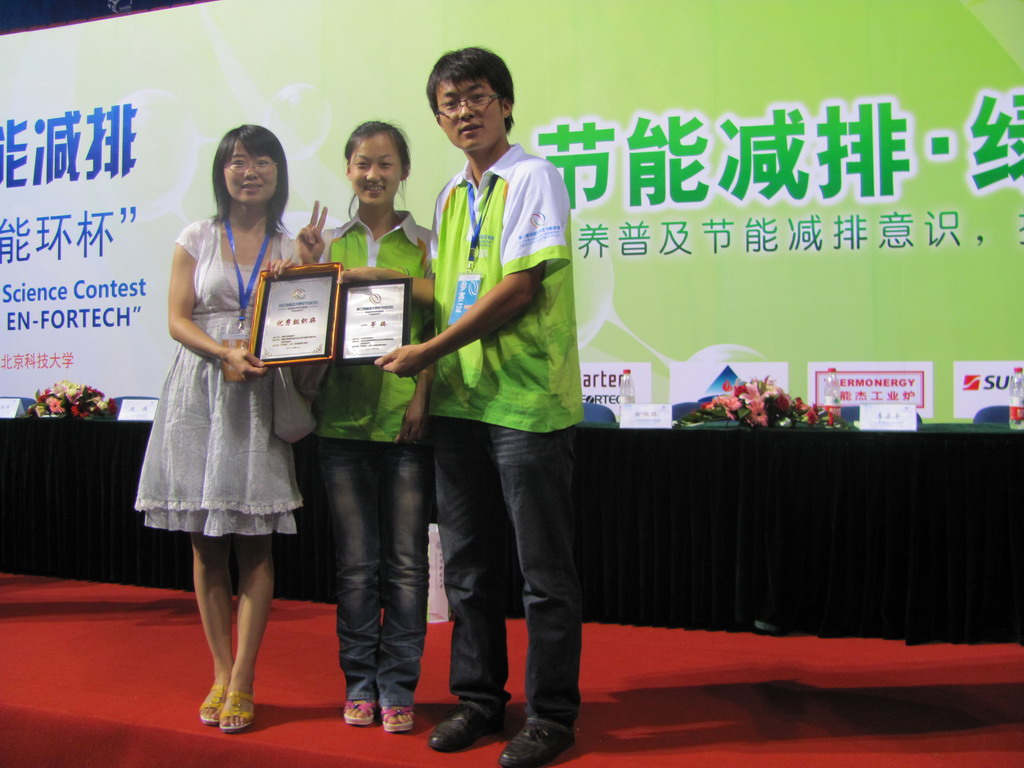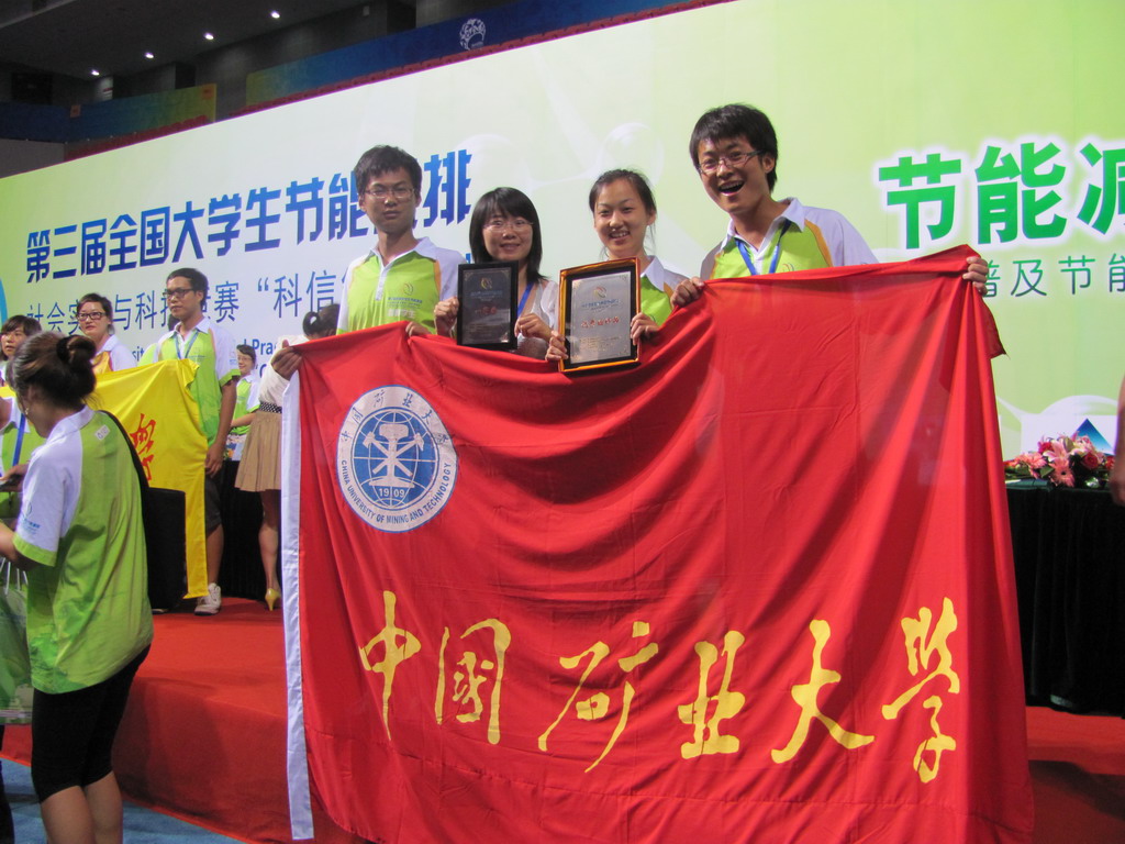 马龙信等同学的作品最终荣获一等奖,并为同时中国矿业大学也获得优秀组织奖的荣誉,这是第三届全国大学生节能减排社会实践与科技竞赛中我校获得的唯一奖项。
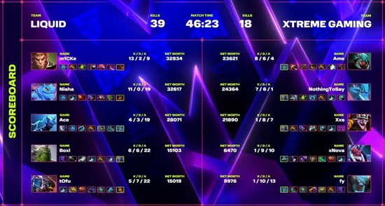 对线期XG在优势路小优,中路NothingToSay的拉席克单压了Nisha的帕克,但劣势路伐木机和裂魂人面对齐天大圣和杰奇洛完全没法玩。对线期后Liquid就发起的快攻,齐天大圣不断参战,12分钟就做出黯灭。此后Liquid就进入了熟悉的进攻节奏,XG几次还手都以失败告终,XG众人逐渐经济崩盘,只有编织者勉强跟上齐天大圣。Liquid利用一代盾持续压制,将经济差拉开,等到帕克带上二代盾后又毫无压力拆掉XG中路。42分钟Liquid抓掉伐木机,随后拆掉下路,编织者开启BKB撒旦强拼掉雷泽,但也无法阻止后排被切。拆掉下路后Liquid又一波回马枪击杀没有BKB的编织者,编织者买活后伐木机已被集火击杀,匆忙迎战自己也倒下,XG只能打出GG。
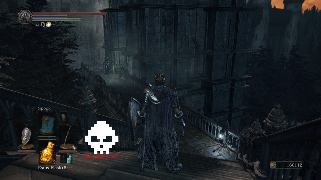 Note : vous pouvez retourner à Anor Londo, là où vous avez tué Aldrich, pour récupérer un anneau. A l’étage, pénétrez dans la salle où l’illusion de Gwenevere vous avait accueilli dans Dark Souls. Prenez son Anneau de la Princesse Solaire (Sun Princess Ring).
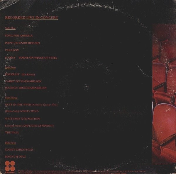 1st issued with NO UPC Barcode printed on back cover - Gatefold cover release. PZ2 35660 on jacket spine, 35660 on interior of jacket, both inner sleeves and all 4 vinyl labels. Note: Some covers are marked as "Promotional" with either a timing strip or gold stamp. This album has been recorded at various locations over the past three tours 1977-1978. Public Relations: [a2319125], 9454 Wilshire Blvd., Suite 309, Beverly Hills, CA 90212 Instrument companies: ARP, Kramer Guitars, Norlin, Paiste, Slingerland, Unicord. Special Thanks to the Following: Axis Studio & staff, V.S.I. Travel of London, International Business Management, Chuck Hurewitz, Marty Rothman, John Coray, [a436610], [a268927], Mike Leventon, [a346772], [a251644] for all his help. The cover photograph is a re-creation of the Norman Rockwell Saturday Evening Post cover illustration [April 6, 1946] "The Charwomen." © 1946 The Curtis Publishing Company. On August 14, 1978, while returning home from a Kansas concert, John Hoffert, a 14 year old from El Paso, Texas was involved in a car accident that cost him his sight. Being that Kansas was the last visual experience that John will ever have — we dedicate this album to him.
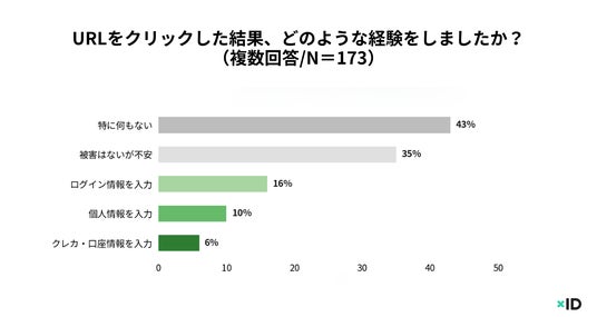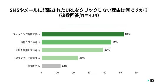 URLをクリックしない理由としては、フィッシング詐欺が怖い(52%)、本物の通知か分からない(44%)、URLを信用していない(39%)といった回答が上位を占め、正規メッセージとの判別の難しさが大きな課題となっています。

......

TASK GOAL:
Keep every word of the records and none of the pictures when you print them again.

ANSWER SECTION:
 马龙信等同学的作品最终荣获一等奖,并为同时中国矿业大学也获得优秀组织奖的荣誉,这是第三届全国大学生节能减排社会实践与科技竞赛中我校获得的唯一奖项。
 对线期XG在优势路小优,中路NothingToSay的拉席克单压了Nisha的帕克,但劣势路伐木机和裂魂人面对齐天大圣和杰奇洛完全没法玩。对线期后Liquid就发起的快攻,齐天大圣不断参战,12分钟就做出黯灭。此后Liquid就进入了熟悉的进攻节奏,XG几次还手都以失败告终,XG众人逐渐经济崩盘,只有编织者勉强跟上齐天大圣。Liquid利用一代盾持续压制,将经济差拉开,等到帕克带上二代盾后又毫无压力拆掉XG中路。42分钟Liquid抓掉伐木机,随后拆掉下路,编织者开启BKB撒旦强拼掉雷泽,但也无法阻止后排被切。拆掉下路后Liquid又一波回马枪击杀没有BKB的编织者,编织者买活后伐木机已被集火击杀,匆忙迎战自己也倒下,XG只能打出GG。
 Note : vous pouvez retourner à Anor Londo, là où vous avez tué Aldrich, pour récupérer un anneau. A l’étage, pénétrez dans la salle où l’illusion de Gwenevere vous avait accueilli dans Dark Souls. Prenez son Anneau de la Princesse Solaire (Sun Princess Ring).
 1st issued with NO UPC Barcode printed on back cover - Gatefold cover release. PZ2 35660 on jacket spine, 35660 on interior of jacket, both inner sleeves and all 4 vinyl labels. Note: Some covers are marked as "Promotional" with either a timing strip or gold stamp. This album has been recorded at various locations over the past three tours 1977-1978. Public Relations: [a2319125], 9454 Wilshire Blvd., Suite 309, Beverly Hills, CA 90212 Instrument companies: ARP, Kramer Guitars, Norlin, Paiste, Slingerland, Unicord. Special Thanks to the Following: Axis Studio & staff, V.S.I. Travel of London, International Business Management, Chuck Hurewitz, Marty Rothman, John Coray, [a436610], [a268927], Mike Leventon, [a346772], [a251644] for all his help. The cover photograph is a re-creation of the Norman Rockwell Saturday Evening Post cover illustration [April 6, 1946] "The Charwomen." © 1946 The Curtis Publishing Company. On August 14, 1978, while returning home from a Kansas concert, John Hoffert, a 14 year old from El Paso, Texas was involved in a car accident that cost him his sight. Being that Kansas was the last visual experience that John will ever have — we dedicate this album to him.
 URLをクリックしない理由としては、フィッシング詐欺が怖い(52%)、本物の通知か分からない(44%)、URLを信用していない(39%)といった回答が上位を占め、正規メッセージとの判別の難しさが大きな課題となっています。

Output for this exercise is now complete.